Ночь в замке Кагэнори была не тихой, а наполненной собственным, особым оркестром звуков. Скрежет сверчков за стенами, переклички часовых на стенах, доносящиеся приглушёнными обрывками, да тяжёлое, мерное дыхание спящей крепости. Для Дзюнъэя это была симфония, в которой он был всего лишь одной, абсолютно беззвучной нотой.
Он лежал плашмя на холодных, шершавых балках под потолком караульного помещения, вжимаясь в пыль и паутину. Внизу, в двух шагах от него, два стражника доедали свой ночной паёк, лениво перебрасываясь словами.
— …и потом старик Дзин опять устроил разнос тому новому уборщику, — хрипло смеялся один, разминая затекшие плечи. — Говорит, его котёл недостаточно ярко отражает звёзды! Бедолага чуть не плакал.
— А тот, тот, тощий, как жердь, ещё и пошутить пытался! — фыркнул второй, отламывая кусок вяленой рыбы. — Сказал Дзину, что у него на лбу морщина несимметричная. Я думал, старик его сейчас своим же скребком прибьёт!
Дзюнъэй под потолком едва сдержал улыбку. Его легенда работала идеально. Он был всего лишь жалким посмешищем, объектом для жалости и насмешек. Никто не видел в нем угрозы.
Наконец стража, зевнув, поднялась и вышла, запирая дверь на большой железный ключ. Звук шагов затих в коридоре.
Пора. Он бесшумно спустился, как падающий лист, и прильнул к замочной скважине. Пусто. До следующего обхода оставалось чуть меньше времени, чем нужно. Он достал отмычку — не стальную пластину, а закалённую бамбуковую щепку, чтобы не звенеть о металл. Дверь поддалась с тихим, приятным слуху щелчком.
Кабинет управителя замка был таким, каким он его и запомнил во время своих «уборок»: заставленным свитками, пахнущим старым деревом, воском и властью. В углу, на массивном столе, лежала его цель.
Это была не просто карта. Это был шедевр картографии. На огромном, плотном листе бумаги тушью были выведены не только контуры замка и его укреплений, но и мельчайшие детали: уклоны склонов, глубины колодцев, даже примерная толщина стен в ключевых точках. В углу алым цветом были нанесены секретные символы — предположительно, ловушки и потайные ходы.
Вынести её было невозможно. Пропажу обнаружат утром, поднимется на ноги весь гарнизон, и их с Акари вычислят и перехватят ещё до того, как они успеют донести информацию до своего покровителя.
План был иным.
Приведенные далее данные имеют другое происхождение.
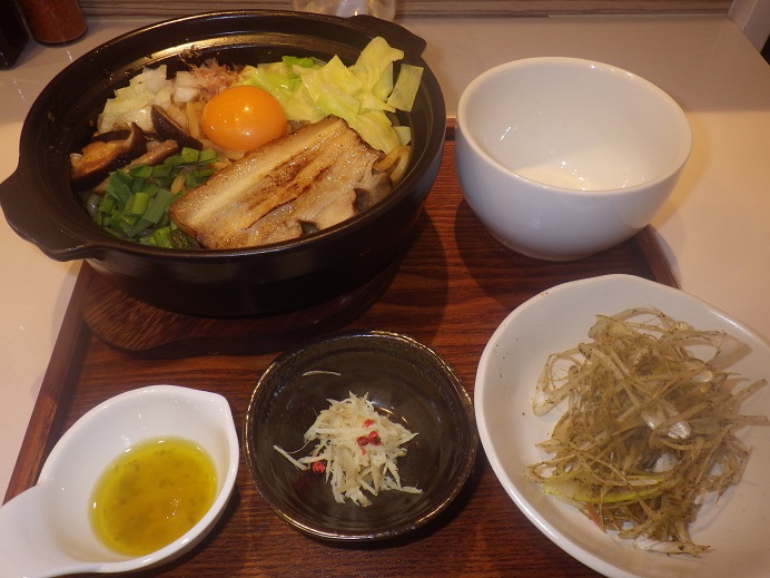 仕入れの関係で出たのですが、オープン30分前に到着してしまい、少し車で待ちましたが、その後は学生さん達が来たので、寒風吹きすさぶ中、外待ちです。 やっと入れたら、電気ストーブの前で助かりました。 カウンターに座っている人は、ほぼ限定でしたので、早く来て正解でした。 提供までかなり時間が掛かりましたが、出てきたのはアツアツで、鍋焼き風・・・ ブログによると郡上みそベースの味噌ダレだそうですが、ピリ辛で美味い!! 途中で3種類の薬味を加えるのですが、右のはコショウ?(黒七味だそうです)がまぶしてあるネギ、左のひとつはオリーブオイルとレモン?(柚子だそうです)の混ぜたの?、真ん中のひとつは不明、見た目も、そのまま喰っても判らん、生姜っぽいが嫌な風味(摺りは良いが、触感が嫌いでややダイレクトな風味も苦手)がしない気が・・・(正体は針生姜だそうです) 大盛でしたが、あっと言う間に完食!! 残ったタレやミンチなどをおかずにご飯を頂き、満腹になってお店を出ました。

Дзюнъэй развернул свой свёрток. В нём лежали листы тончайшей, почти прозрачной рисовой бумаги и несколько заострённых угольных стержней, обёрнутых шёлком, чтобы не пачкать руки.
Он не мог зажечь свет. Любой лучик из-под двери или ставни был бы подобен удару гонга. Он работал в абсолютной, густой тьме, полагаясь только на осязание.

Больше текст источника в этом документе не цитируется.